Crews respond to an oil spill in Talmadge Creek, a tributary to the Kalamazoo River, in 2010. It’s one of the largest inland oil spills in U.S. history.
U.S. Environmental Protection Agency
Crews respond to an oil spill in Talmadge Creek, a tributary to the Kalamazoo River, in 2010. It’s one of the largest inland oil spills in U.S. history.

A year ago today, a controversial pipeline in the Straits of Mackinac was supposed to shut down. At least that’s what Michigan’s Gov. Gretchen Whitmer said. The Canadian energy company Enbridge challenged that order, and oil still flows under the Straits today.

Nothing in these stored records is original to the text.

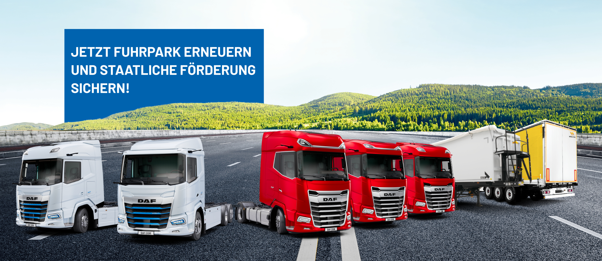 Als Vertriebs- und Servicepartner für Lastkraftwagen der Marke DAF sind wir Ihr Partner für die Zukunft des Transportwesens. Entdecken Sie mit der neuen Generation DAF Trucks den branchenführenden Standard hinsichtlich Komfort, Effizienz und Sicherheit. Mit der Modellpalette von DAF können wir Ihnen für jede Transportanforderung ein passendes Fahrzeug anbieten.
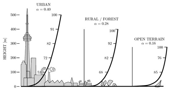 For each environment, a 3D spatial WVF was generated with the help of the CFD software WindStation using a single wind vector seed to populate the entire control volume based on the interaction with the terrain and the building topography. The wind seed direction was a uniformly random integer between and . The wind seed magnitudes were produced based on the approximation that wind magnitude follows a Weibull probability density function [53] with a shape value of two and a scale of , where the mean wind velocity , for Vancouver is 3.61 m/s (averaged annually) [54]. The WVF resolution was set equal to the terrain’s nodal resolution of 50 m to negate any computational time required for interpolation between nodes. The WVF was generated using the k-epsilon turbulence model with surface roughness set to 2 m and the max residual set to .
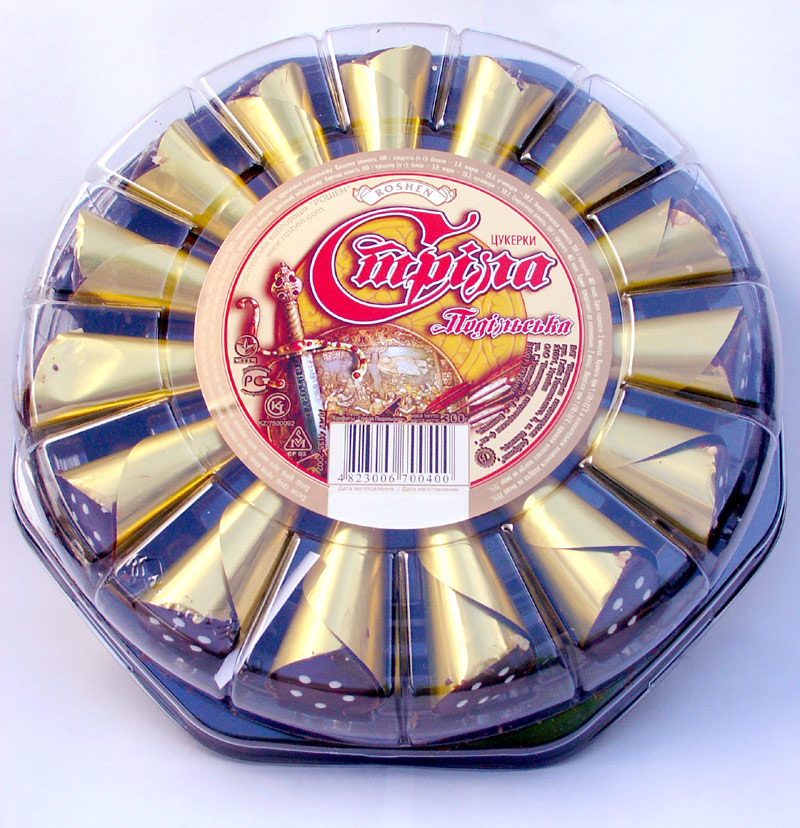 There were two packages of this candy at the market. One was called “Robin Hood’s Arrows” or something like that, but the chocolate looked a bit fuzzy, whereas this package look shiny and fresh. I figured it was the same thing. So I’ve just been calling these Arrows. I finally found them on the very nice Roshen website where they describe them as “cone-shaped sweets with chocolate coating, filling cream and fondant filling with the additive of alcohol and cognac.”
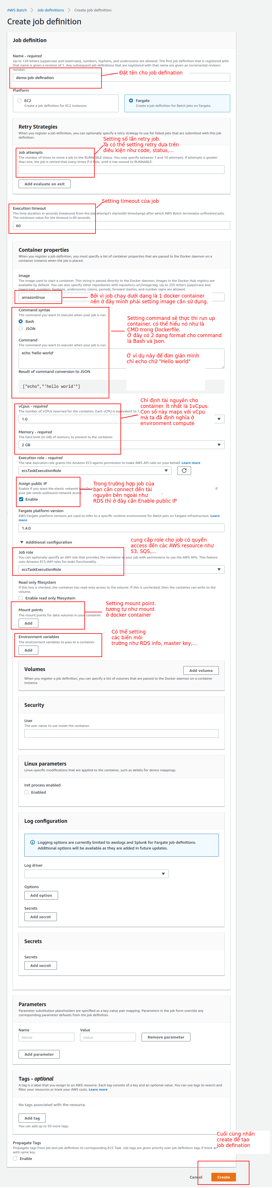 - Job defination: Dùng để định nghĩa các thứ liên quan đến job như chiến lực retry(khi nào thì retry, ví dụ status code 400), thời gian timeout của job. Các định nghĩa về container như image, role(aws role như role upload ảnh lên S3,...).
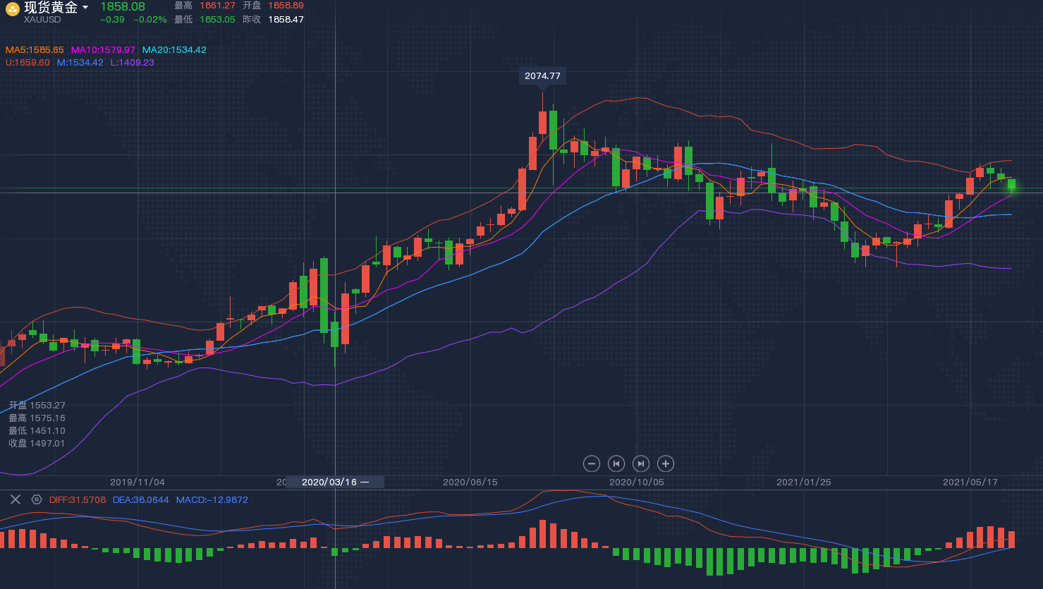 再苦再累,只要坚持往前走,属于你的风景终会出现,只要是自己选择的,那么就无怨无悔。强调不要在乎你的资金量少,在笔者云宸这里不论资金大小,皆可放开胆魄来询问跟单即可。资金量都是积少成多,这不算问题,问题是你是否有胆量迈出第一步来跟随,你们好好揣摩,资金量不是最重要的,重要是否敢跟随对的人! ---6.21黄金日内分析如下: 黄金今日只说一个重点,那么就是关注1860-1864企稳后的反弹力度,周初定然会围绕1760-65这个位置反复测试,首先1764是前期上涨1960起涨点,也是前顶底转换的关键支撑位,虽说目前周线收盘光脚大阴空头暂时控制盘面,但若能惯性下跌后企稳1864之上那么将形成阶段性底
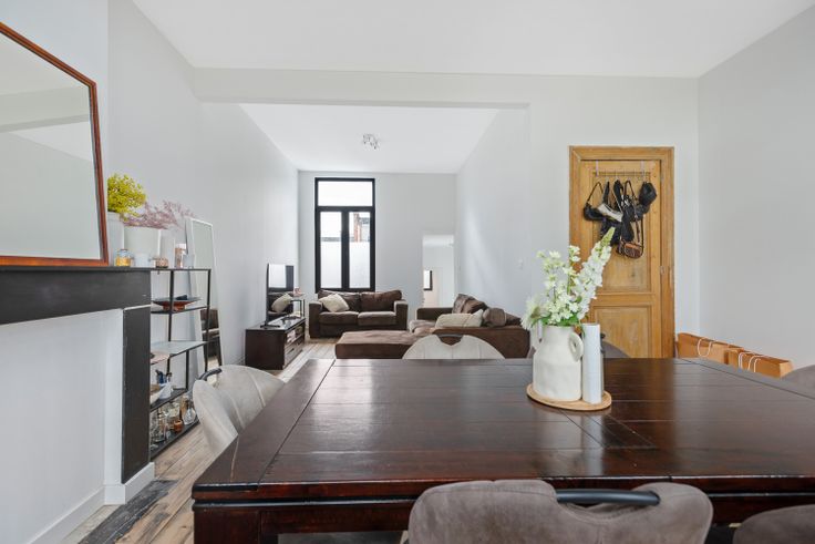 Op een steenworp van Park Spoor Noord alsook de toekomstige hippe Slachthuissite vinden we in een kleinschalig en statig gebouw dit prachtige ruime duplex appartement.  Al van bij de inkomhal van het gebouw word je omver geblazen door de prachtige mozaïek vloer , historische sierlijsten alsook prachtige trap.  Het appartement bevindt zich op de tweede en derde verdieping en werd gerenoveerd met oog voor detail. Je geniet een erg huislijk gevoel vanwege de prachtige gezandstraalde interne trap. De keuken geniet een hedendaagse vormgeving en is voorzien van alle toestellen. Deze ruimte werd voorzien van een nieuwe prachtige terrazzo bevloering , welke werd doorgetrokken in de badkamer. De badkamer beschikt over een ruime inloopdouche , dubbele lavabo met prachtige grote spiegel met ledverlichting alsook een hangtoilet.  De leefruimte en eetruimte beschikken over een authentieke en zeer charmante plancher vloer alsook een oude sierhaard. Vanuit de leefruimte geniet je een open zicht op twee gerestaureerde watertorens. Op de bovenste verdieping vinden we nog 2 riante slaapkamers. De masterbedroom werd voorzien van een nieuwe parketvloer en beschikt over een praktisch mezzanine gedeelte waar je je reiskoffers etc kan opbergen. De tweede (tevens ruime) slaapkamer is voorzien van de originele houten vloer. Leuke weetjes: De verlichting die je ziet is inbegrepen in de vraagprijs! (erg praktisch) Het appartement beschikt over een ruime kelderberging in het ... Renovatieplicht: nee

Line 5 has delivered energy through the Upper Great Lakes since 1953. But environmentalists didn’t start sounding the alarm about the twin pipes until a catastrophic oil spill in 2010. That’s when another Enbridge pipeline burst, sending over a million gallons of crude oil down the Kalamazoo River. Birds were covered in a thick, black sheen. People along the river got sick from toxic chemicals.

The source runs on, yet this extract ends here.